- Also known as: Long Lost Family Australia
- Genre: Documentary
- Presented by: Chrissie Swan Anh Do
- Starring: Julia Robson (Investigator)
- Country of origin: Australia
- Original language: English
- No. of series: 1
- No. of episodes: 8

Production
- Running time: 60 minutes (inc. adverts)
- Production company: WTFN

Original release
- Network: Network Ten
- Release: 11 August 2014 – 11 May 2016

= Long Lost Family (Australian TV series) =

Long Lost Family Australia is an Australian television series on Network Ten which premiered on 16 March 2016 and featured eight episodes.

It is based on Dutch format Spoorloos developed by broadcaster KRO, who sold it to the UK, where it was called Long Lost Family, a BAFTA award-winning British television series that has aired on ITV since 2011. Presented by Chrissie Swan and Anh Do and featuring private investigator Julia Robson, it aimed to reunite close relatives after years of separation. It was made by the production company WTFN.
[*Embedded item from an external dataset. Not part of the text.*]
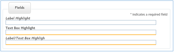 Figure 3 shows how the Web Capture web client form field can be styled using XFP. The “highlight” XFP has been assigned to each field; however, they each have their own combination of values assigned. The first field has a “label” value, which has resulted in the field label being rendered with an italic font. The second field has the “textbox” value, which has resulted in the field text box being rendered with a thicker bottom border and a more noticeable color. The last field has been rendered with both styles since it has both “label” and “textbox” as its “highlight” value.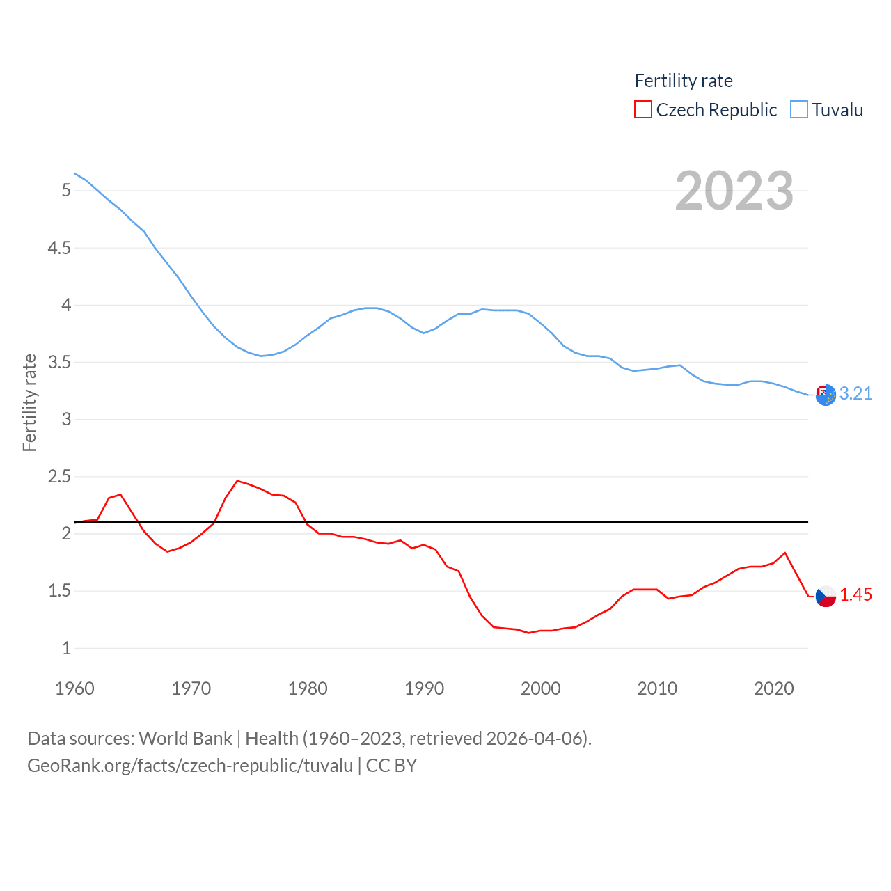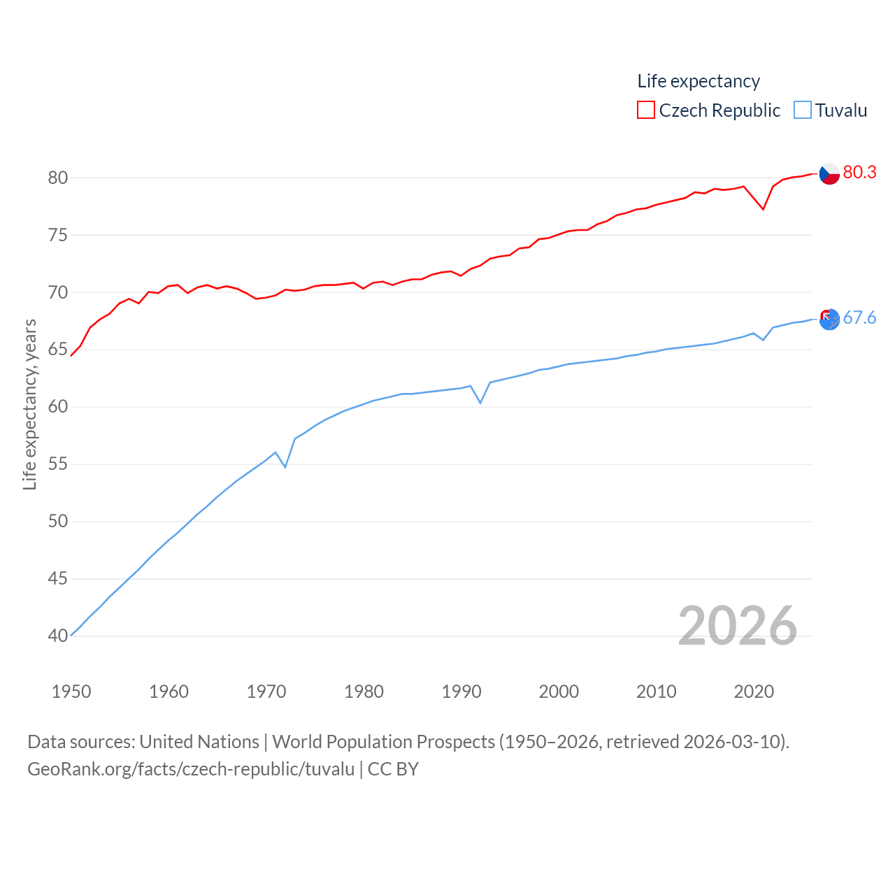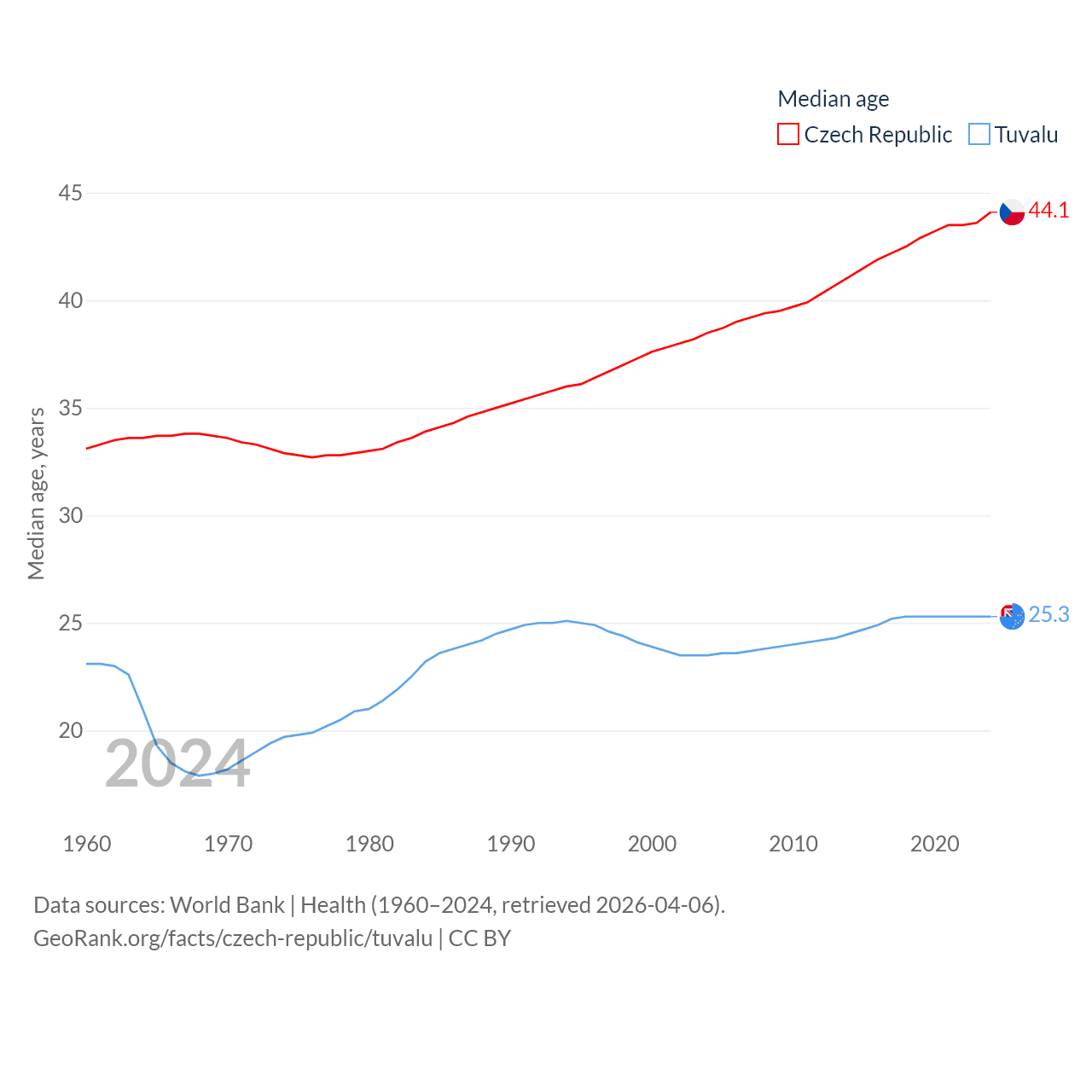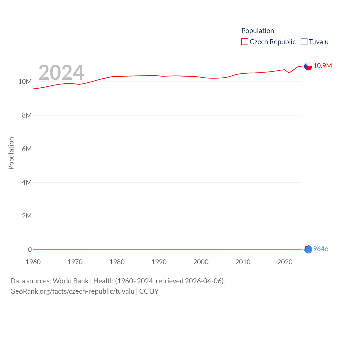 The Czech Republic has a population of 10.9M (ranked 88/197), compared with 9.65K in Tuvalu (ranked 196/197). The Czech Republic's land area is 29,794 sq mi versus 11.6 sq mi for Tuvalu (ranked 114th vs. 194th).

In a February 2017 interview, Ten's Chief Content Officer Beverley McGarvey confirmed there were no plans to air further seasons of the program.

== Series Summary ==

| Series | Episodes |  | Originally released |  |
| First released | Last released |
| 1 | 8 |  | 11 August 2014 | 11 May 2016 |

===Season 1 (2016)===

| No. | Title | Original release date | Australian viewers |
| 1 | "Episode One" | 11 August 2014 | 564,000 |
In the series premiere, Anh and Chrissie tell the real and moving stories of people searching for lost family members.
| 2 | "Episode Two" | 23 March 2016 | 491,000 |
28-year-old Shane, who was adopted out at birth, yearns to find the birth mother he never knew. And Colin, 68, is on a quest to find his estranged son, who he hasn't seen for over four decades.
| 3 | "Episode Three" | 30 March 2016 | 502,000 |
Chrissie Swan & Anh Do will guide and support 42-year-old Terri King, a terminally-ill woman running out of time to find the mother who thought adoption was her daughter's only chance at a decent life
| 4 | "Episode Four" | 6 April 2016 | 453,000 |
Debbie is determined to find her father after learning that her mother is terminally ill. Plus, Trevor searches for his birth mother who gave him up for adoption when he was just a baby.
| 5 | "Episode Five" | 13 April 2016 | 401,000 |
A 76-year-old man searches for the daughter he abandoned at a tragic time of grief. Meanwhile, 69-year-old Patricia searches for the daughter she gave up when she was a teenager.
| 6 | "Episode Six" | 20 April 2016 | 339,000 |
21-year-old Tiffany searches for her half brother & sister on behalf of her mother Catherine. With only a hospital bracelet and a box of photos, 20-year-old Shantelle, searches for her older sister.
| 7 | "Episode Seven" | 4 May 2016 | 549,000 |
49-year-old Susan searches for her biological mother Brenda. Meanwhile, 45-year-old Natalieann longs to reconnect with her father Bill who she has not spoken to for 24 years.
| 8 | "Episode Eight" | 11 May 2016 | 464,000 |
47-year-old Amanda searches for her biological mother after the passing of her adoptive parents. Meanwhile, 53-year-old Jenny tries to track down her birth mother to understand why she was given up.